Python Numba

Posted onby admin

NUMBANUMTHREADS must be set before Numba is imported, and ideally before Python is launched. As soon as Numba is imported the environment variable is read and that number of threads is locked in as the number of threads Numba launches. If we want to later increase the number of threads used by the process, we cannot.

  1. Numba works by generating optimized machine code using the LLVM compiler infrastructure at import time, runtime, or statically (using the included pycc tool). Numba supports compilation of Python to run on either CPU or GPU hardware, and is designed to integrate with the Python scientific software stack.
  2. Numba translates Python functions to optimized machine code at runtime using the Numba-compiled numerical algorithms in Python can approach the speeds of C or FORTRAN. You don't need to replace the Python interpreter, run a separate compilation step, or even Just apply one of the Numba decorators to your Python function, and Numba does the rest.
  3. From what I've read, numba can significantly speed up a python program. Could my program's time efficiency be increased using numba?

Over the past years, Numba and Cython have gained a lot of attention in the data science community. They both provide a way to speed up CPU intensive tasks, but in different ways. This article describes architectural differences between them.


Numba is a just-in-time (JIT) compiler that translates Python code to native machine instructions both for CPU and GPU. The code can be compiled at import time, runtime, or ahead of time.

It's extremely easy to start using Numba, by simply putting a jit decorator:

As you may know, In Python, all code blocks are compiled down to bytecode:

Code optimization

To optimize Python code, Numba takes a bytecode from a provided function and runs a set of analyzers on it. Python bytecode contains a sequence of small and simple instructions, so it's possible to reconstruct function's logic from a bytecode without using source code from Python implementation. The process of conversion involves many stages, but as a result, Numba translates Python bytecode to LLVM intermediate representation (IR).

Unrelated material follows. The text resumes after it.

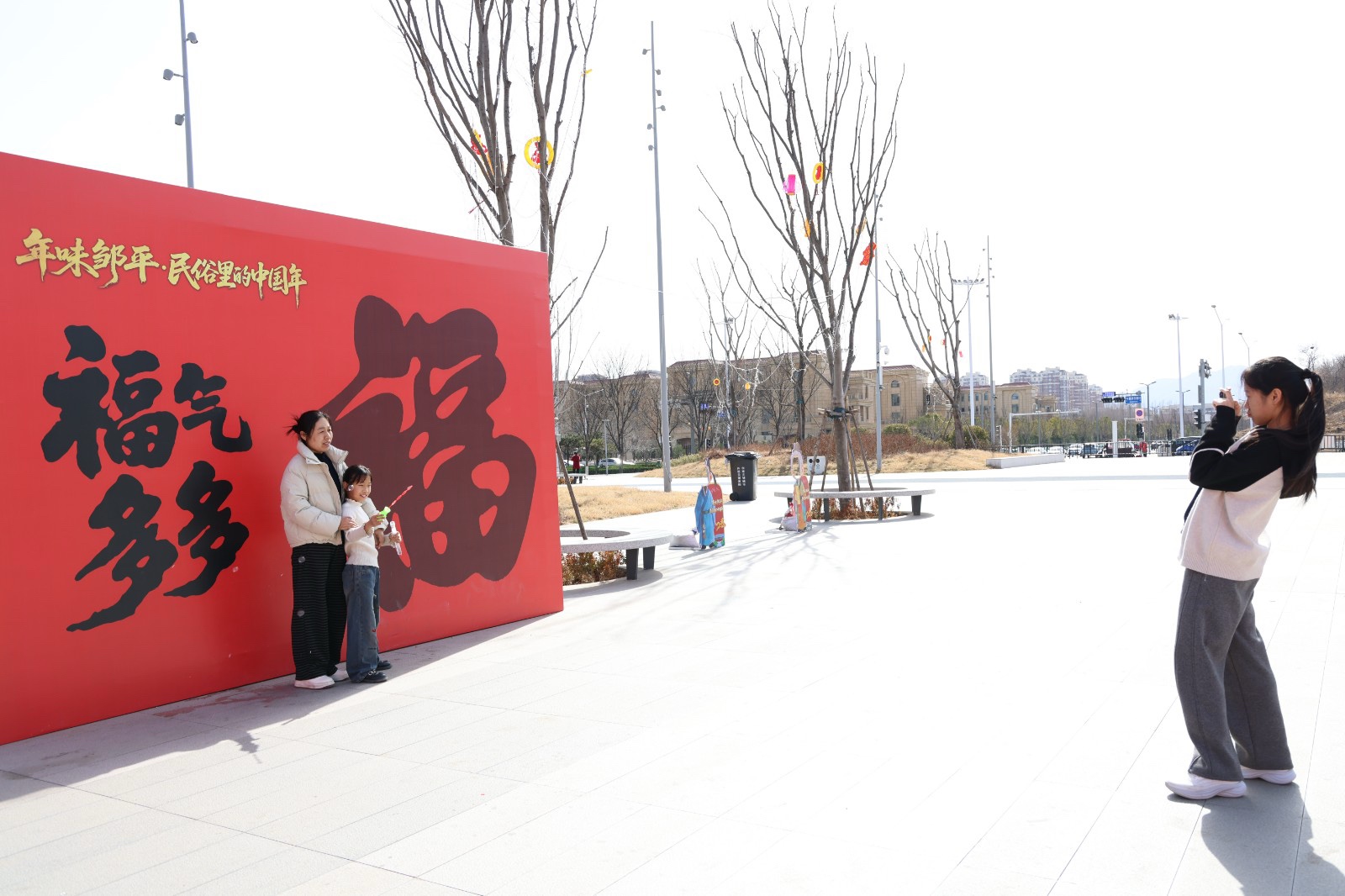 为了营造浓厚的节日氛围,演出的现场还设置了“马上有财”“福气多多”以及历史名人元素的打卡墙,不少市民纷纷驻足拍照留念。“奥体公园是邹平的地标,春节期间在这里不但能看到民俗演出,还能拍照打卡,真是一举两得啊!”市民孙晓飞高兴地说。

Note that LLVM IR is a low-level programming language, which is similar to assembler syntax and has nothing to do with Python.

Numba modes

The are two modes in Numba: nopython and object. The former doesn't use Python runtime and produces native code without Python dependencies. The native code is statically typed and runs very fast. Whereas the object mode uses Python objects and Python C API, which often does not give significant speed improvements. In both cases, Python code is compiled using LLVM.

What is LLVM?

LLVM is a compiler, that takes a special intermediate representation (IR) of the code and compiles it down to native (machine) code. The process of compiling involves a lot of additional passes in which the compiler optimizes IR. LLVM toolchain is very good at optimizing IR, so not only it compiles code for Numba, but also optimizes it.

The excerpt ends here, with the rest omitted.